4 Buy-Rated Dividend Stocks: ARI, GNI, TCRD, INTX

Editor's Note: TheStreet ratings do not represent the views of TheStreet's staff or its contributors. Ratings are established by computer based on metrics for performance (which includes growth, stock performance, efficiency and valuation) and risk (volatility and solvency). Companies with poor cash flow or high debt levels tend to earn lower ratings in our model.

TheStreet Ratings' stock model projects a stock's total return potential over a 12-month period including both price appreciation and dividends. Our Buy, Hold or Sell ratings designate how we expect these stocks to perform against a general benchmark of the equities market and interest rates.

While plenty of high-yield opportunities exist, investors must always consider the safety of their dividend and the total return potential of their investment. It is not uncommon for a struggling company to suspend high-yielding dividends and subsequently result in precipitous share price declines.

TheStreet Ratings' stock rating model views dividends favorably, but not so much that other factors are disregarded. Our model gauges the relationship between risk and reward in several ways, including: the pricing drawdown as compared to potential profit volatility, i.e. how much one is willing to risk in order to earn profits?; the level of acceptable volatility for highly performing stocks; the current valuation as compared to projected earnings growth; and the financial strength of the underlying company as compared to its stock's valuation as compared to its stock's performance.

These and many more derived observations are then combined, ranked, weighted, and scenario-tested to create a more complete analysis. The result is a systematic and disciplined method of selecting stocks. As always, stock ratings should not be treated as gospel — rather, use them as a starting point for your own research.

The following pages contain our analysis of 4 stocks with substantial yields, that ultimately, we have rated "Buy."

Apollo Commercial Real Estate Finance

Dividend Yield: 10.10%

Apollo Commercial Real Estate Finance (NYSE: ARI) shares currently have a dividend yield of 10.10%.

Apollo Commercial Real Estate Finance, Inc. operates as a commercial real estate finance company in the United States. The company has a P/E ratio of 10.29.

The average volume for Apollo Commercial Real Estate Finance has been 420,600 shares per day over the past 30 days. Apollo Commercial Real Estate Finance has a market cap of $584.6 million and is part of the real estate industry. Shares are down 0.1% year to date as of the close of trading on Friday.

TheStreet Ratings rates Apollo Commercial Real Estate Finance as a buy. The company's strengths can be seen in multiple areas, such as its revenue growth, expanding profit margins, good cash flow from operations and compelling growth in net income. We feel these strengths outweigh the fact that the company has had somewhat disappointing return on equity.

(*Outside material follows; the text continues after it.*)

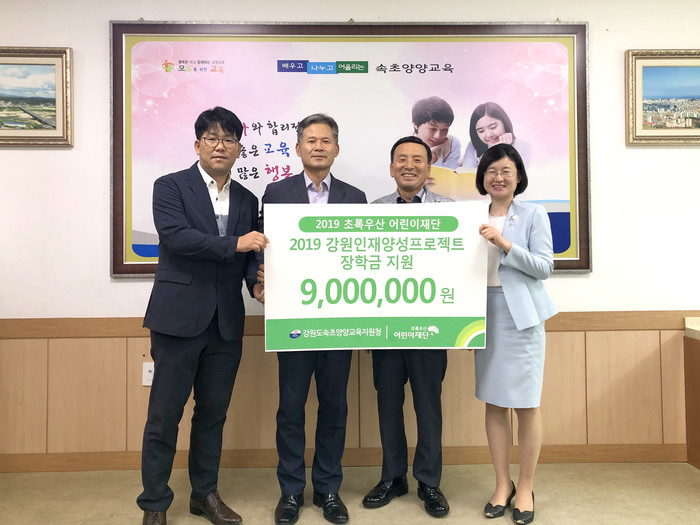 [강원도=세계타임즈 김민석 기자] 초록우산 어린이재단 강원지역본부(본부장 고주애)가 10일 오후 2시 강원도속초양양교육지원청에서 관내 재능아동 지원을 위한 인재양성 장학금 900만 원을 전달했다.

Highlights from the ratings report include:
  • The revenue growth came in higher than the industry average of 12.1%. Since the same quarter one year prior, revenues rose by 25.7%. This growth in revenue does not appear to have trickled down to the company's bottom line, displayed by a decline in earnings per share.
  • The gross profit margin for APOLLO COMMERCIAL RE FIN INC is currently very high, coming in at 77.60%. It has increased from the same quarter the previous year. Along with this, the net profit margin of 65.79% significantly outperformed against the industry average.
  • Net operating cash flow has slightly increased to $11.92 million or 1.29% when compared to the same quarter last year. The firm also exceeded the industry average cash flow growth rate of -16.12%.
  • The net income growth from the same quarter one year ago has significantly exceeded that of the S&P 500 and the Real Estate Investment Trusts (REITs) industry. The net income increased by 31.2% when compared to the same quarter one year prior, rising from $9.09 million to $11.93 million.
  • APOLLO COMMERCIAL RE FIN INC's earnings per share declined by 23.3% in the most recent quarter compared to the same quarter a year ago. This company has reported somewhat volatile earnings recently. We feel it is likely to report a decline in earnings in the coming year. During the past fiscal year, APOLLO COMMERCIAL RE FIN INC increased its bottom line by earning $1.68 versus $1.34 in the prior year. For the next year, the market is expecting a contraction of 7.7% in earnings ($1.55 versus $1.68).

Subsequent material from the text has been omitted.